Their stories are often variations on a theme: families watching a loved one unnecessarily fall apart.
“I’m worried that my brother or daughter or husband is really sick,” a caller says. “But the system says nothing can be done because they’re not yet violent. It’s obvious to everyone they’re sick; why isn’t anyone doing anything?”
These calls are difficult, scary and time consuming.
But I know how important these calls are, because I was once a Treatment Advocacy Center, “help call.” And that help call changed the course of my life.
As I began finals in my first year of law school, a loved one of mine suffered a psychotic break. They left their job in finance unexpectedly, following secret symbols on billboards, eventually ending up 1,200 miles away in Miami.

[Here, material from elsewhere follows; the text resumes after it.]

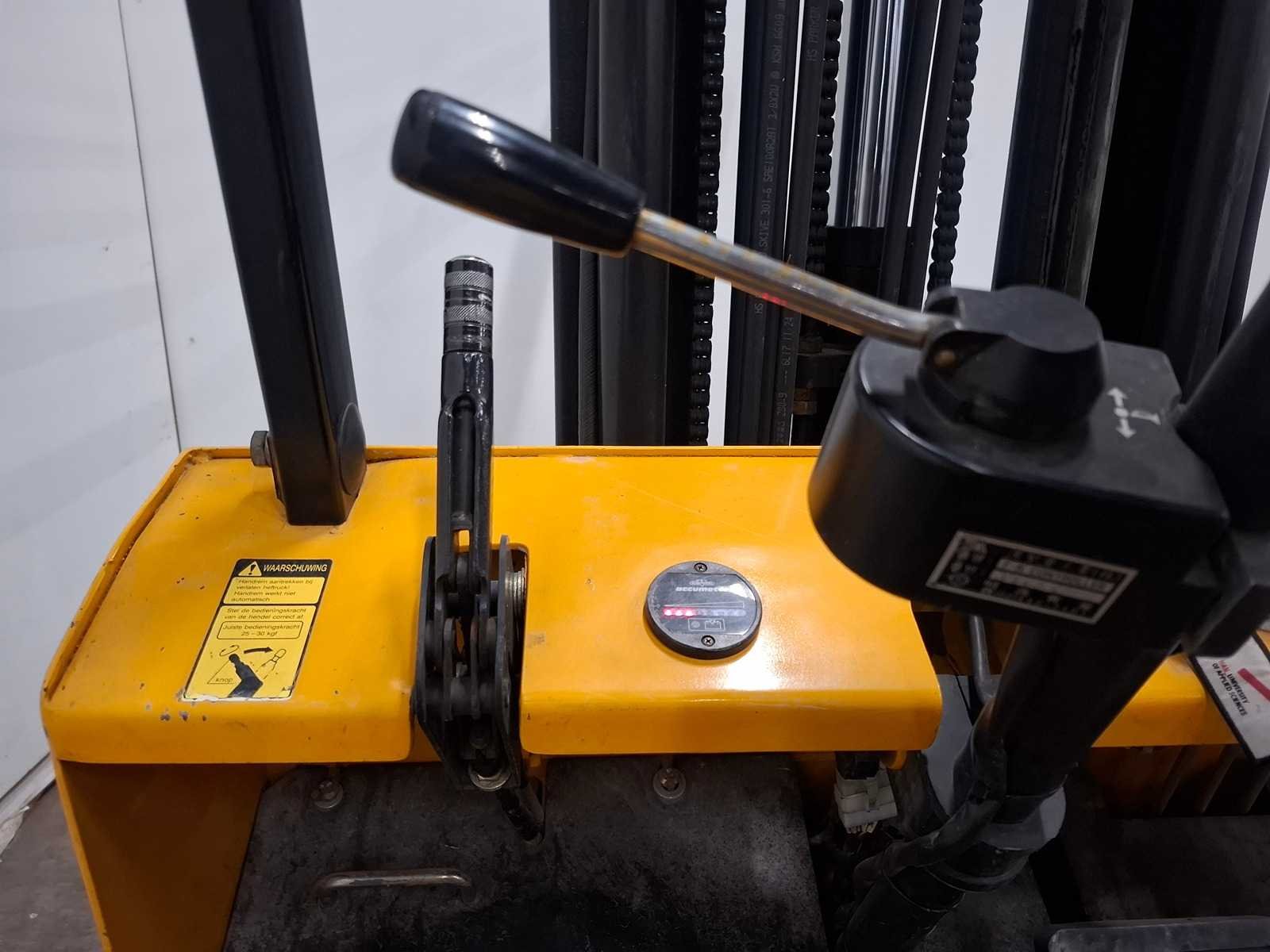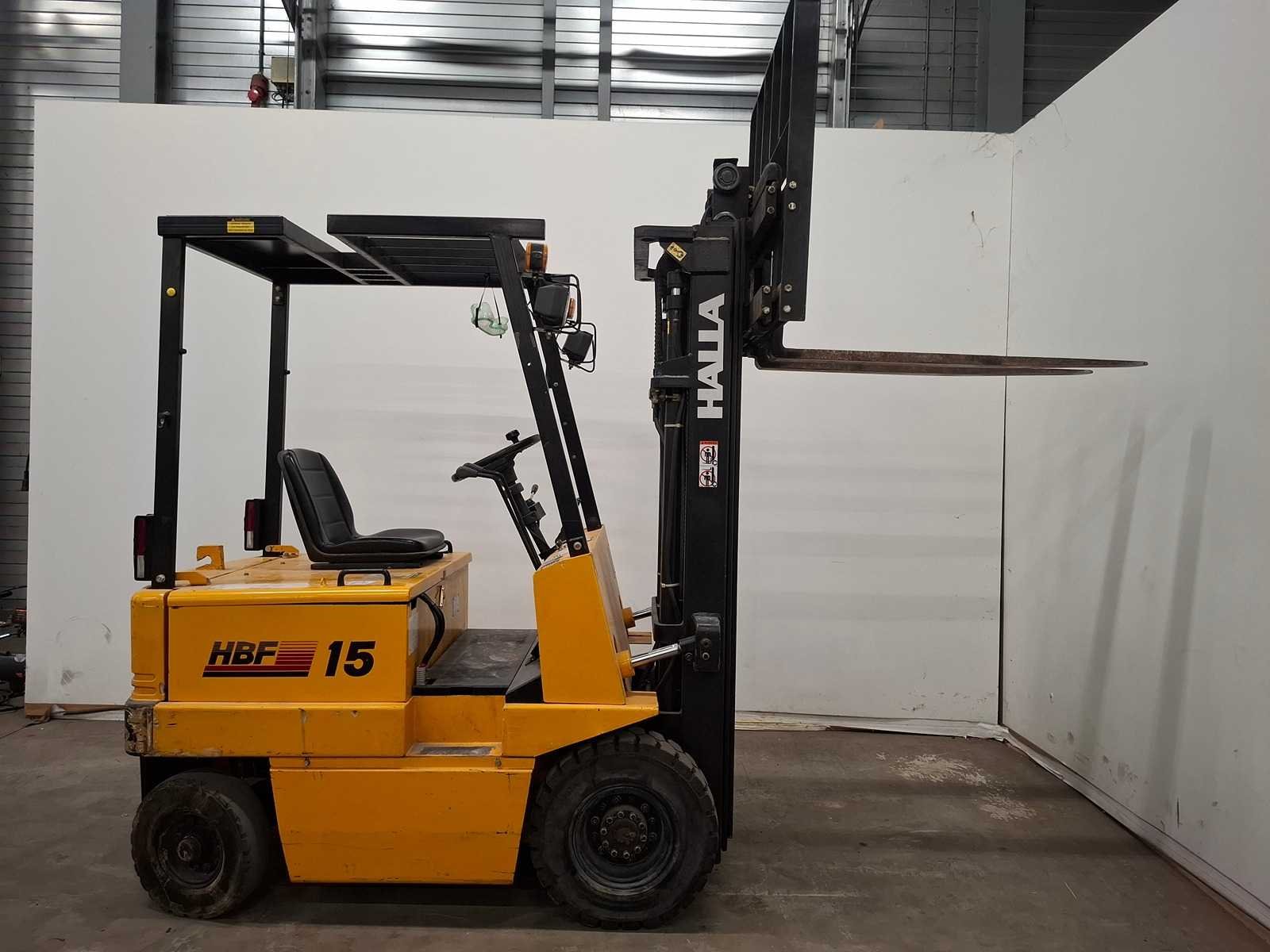 In werkende staat, batterij loopt snel leeg. Nee Merk: Halla Type: HBF 15E Bouwjaar: 1997 Soort band: volrubber Aantal wielen: 4 Accu lader: true Free-lift: true Side-shift: true Triple mast: true Hefvermogen: 1500kg Lepellengte: 1200mm Max. hefhoogte: 5000mm Hefhoogte: 5000mm Vol rubber banden: true Minimale doorrijhoogte: 2100mm Totale afmeting L: 2000mm Totale afmeting Breedte: 1100mm Totale afmeting Hoogte: 2100mm

I was at a loss. I didn’t know anyone in Miami. I had never been to the city in my life.
Even if I did, I certainly didn’t have the resources to fly there and search the streets, especially in the middle of some of the most important tests of my life!
Out of options, I approached my law school dean, Daniel Polsby, for advice. Dean Polsby was similarly at a loss, but he had an idea. A mental health organization had begun teaching a class at the law school: mental illness and the law. Perhaps they might have some ideas?
That organization was the Treatment Advocacy Center. I met the TAC team and we formulated a plan. Eventually, they put me in contact with the Florida Sheriffs Association and local mental health officials. Together, we found my loved one, navigated the byzantine Florida mental health system and eventually got help.
I was lucky. With the Treatment Advocacy Center’s assistance, our crisis had a positive ending. I was able to finish my law school finals and move ahead with my education.
But my focus had shifted.
For the first time, I realized that, not only were there others that recognized how broken our mental health system was, but there were people actually doing something about it.
I had to be a part of it.
And, I began interning for the Treatment Advocacy Center, eventually taking a position as legislative and policy counsel after I passed the bar.
In that role, I saw firsthand how outdated laws and policies were hurting the most severely ill and people who loved them. I saw how our treatment system failed to provide enough treatment beds and community resources, forcing law enforcement and our jails to pick up the slack.
Eventually, I left the Treatment Advocacy Center to start the state advocacy shop for Habitat for Humanity International. There I had the opportunity to help shape the nation’s response to the foreclosure crisis and to build on the advocacy skills I learned at TAC in both the federal and state legislatures.
But my heart was always in mental health. And so, I jumped at the opportunity to return to the Treatment Advocacy Center as executive director. Now I have the privilege to guide this organization during one of the most important times for mental health in the history of our nation.
Our work has necessarily expanded, but I have never forgotten how I first encountered the organization and what their assistance meant for my family and me.
The Treatment Advocacy Center is many things, but first and foremost, it is an assemblage of people who care about helping those with the most severe mental illness. Whether we are busy changing laws, providing technical assistance to a burgeoning assisted outpatient treatment program or explaining the treatment system to a reporter, that passion fuels all of our work.
I know the impact TAC can have during the most difficult moments in a person’s life and that is why I am so proud to lead this organization during this urgent time.
John Snook is the executive director of the Treatment Advocacy Center.